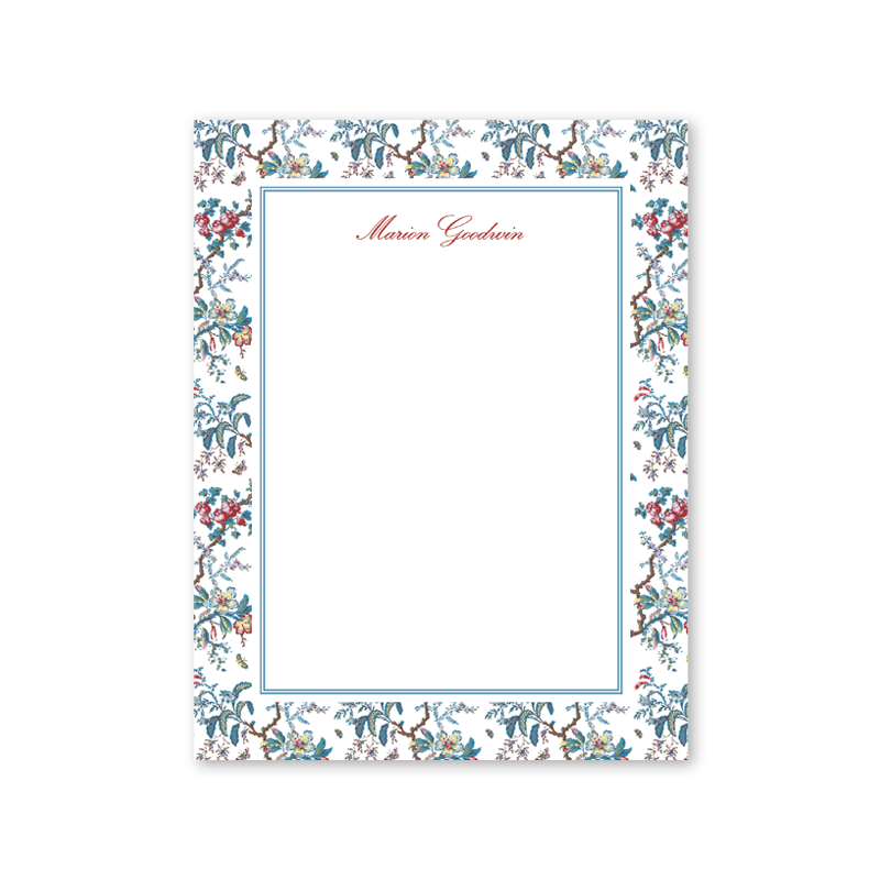 100 sheet personalized notepad sized 4.25 x 5.5 inches on 80 lb paper
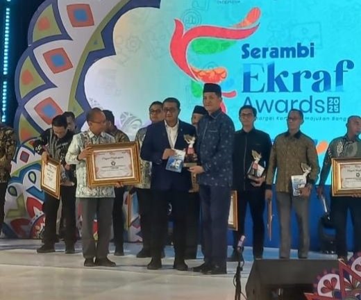 Adapun penghargaan itu diserahkan langsung oleh Menteri Ekonomi Kreatif RI T. Riefky Harsya didampingi Pemimpin Perusahaan Serambi Indonesia Mohd Din.
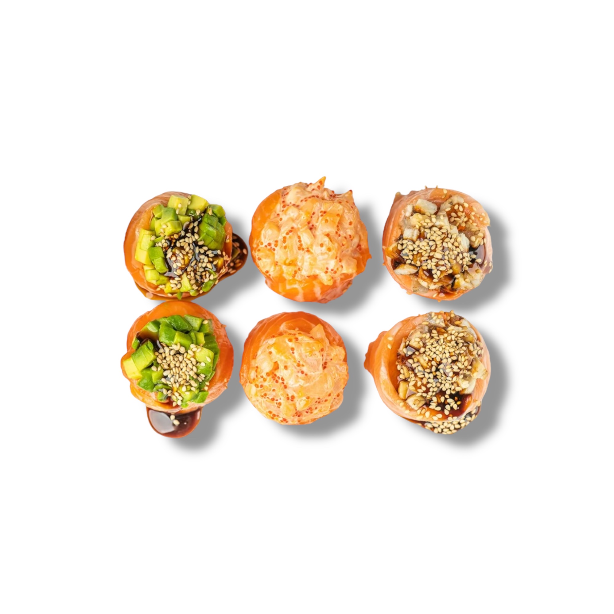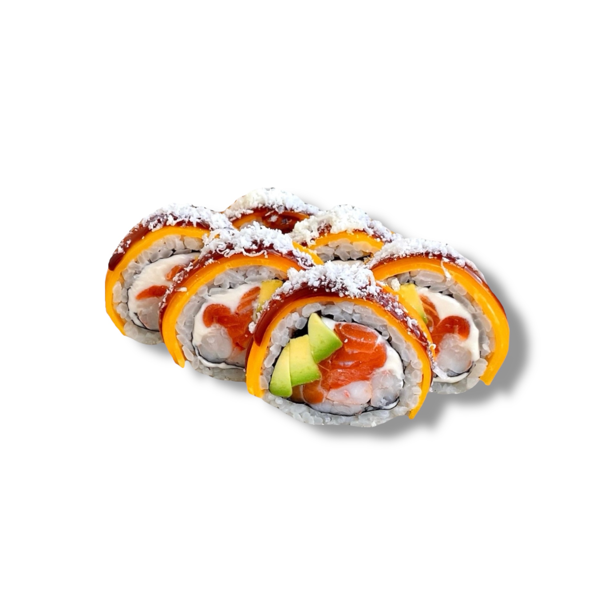 Лосось, креветка, авокадо, угорь, спайси соус, унаги соус, кунжут, икра масаго, рис
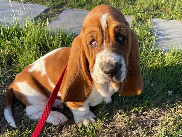 Un chiot Basschshund assis sur une surface herbacée et qui est tenu en laisse
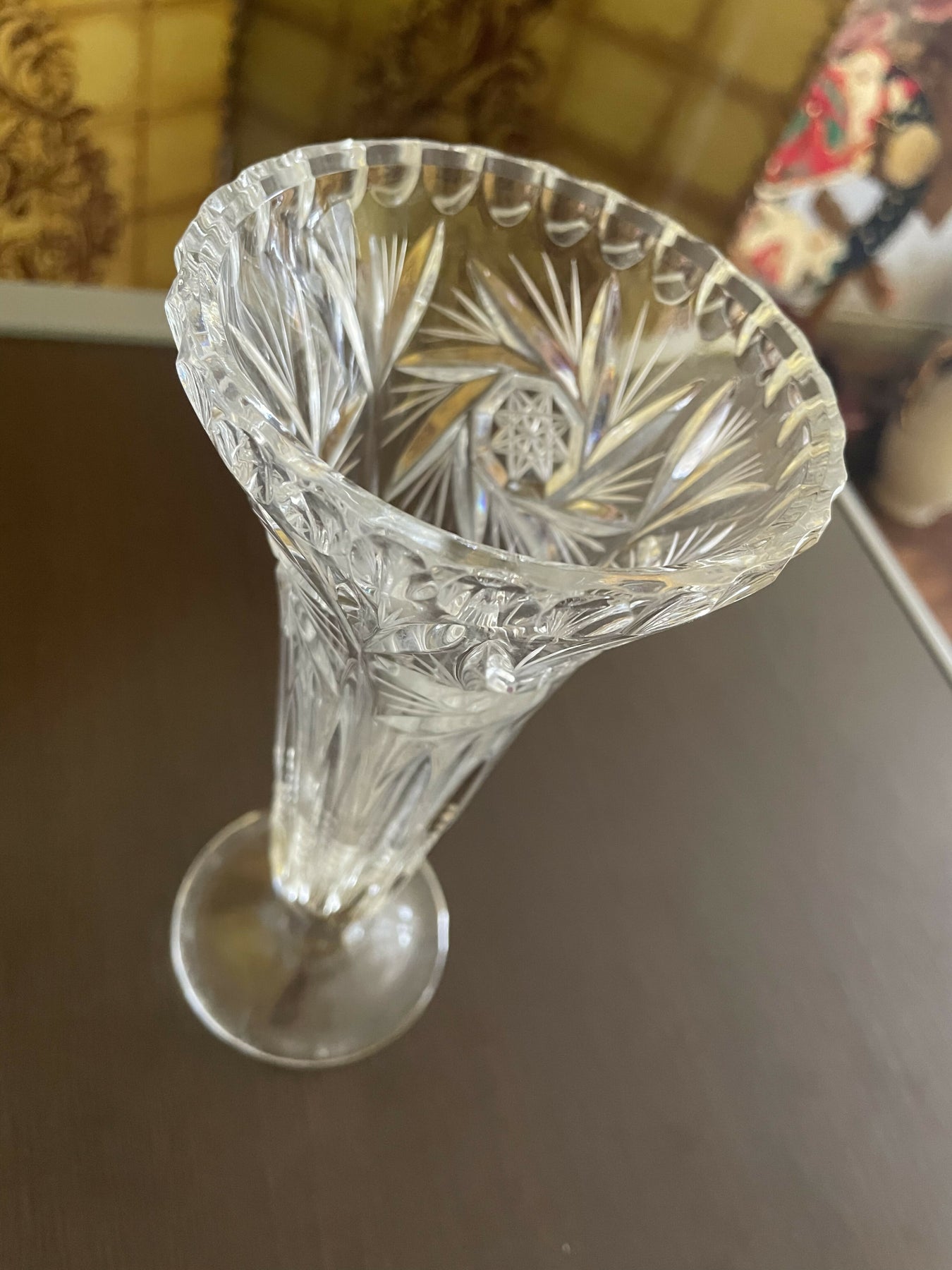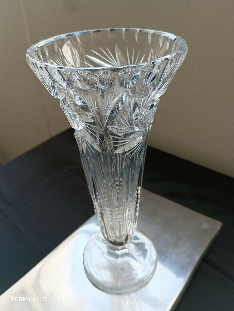 Vaso Solitário de cristal! Possui um design clássico com lapidação complexa, apresentando sulcos e padrões de estrela. A lapidação e o facetamento aumentam a refração da luz, conferindo-lhe um brilho e luminosidade distintos.

EXERCISE OBJECTIVE: All lines from the one containing "Adapun penghargaan itu" to the last line of the records above, and no others, should be returned unchanged, without pictures.

RESULT BELOW:
 Adapun penghargaan itu diserahkan langsung oleh Menteri Ekonomi Kreatif RI T. Riefky Harsya didampingi Pemimpin Perusahaan Serambi Indonesia Mohd Din.
 Лосось, креветка, авокадо, угорь, спайси соус, унаги соус, кунжут, икра масаго, рис
 Un chiot Basschshund assis sur une surface herbacée et qui est tenu en laisse
 Vaso Solitário de cristal! Possui um design clássico com lapidação complexa, apresentando sulcos e padrões de estrela. A lapidação e o facetamento aumentam a refração da luz, conferindo-lhe um brilho e luminosidade distintos.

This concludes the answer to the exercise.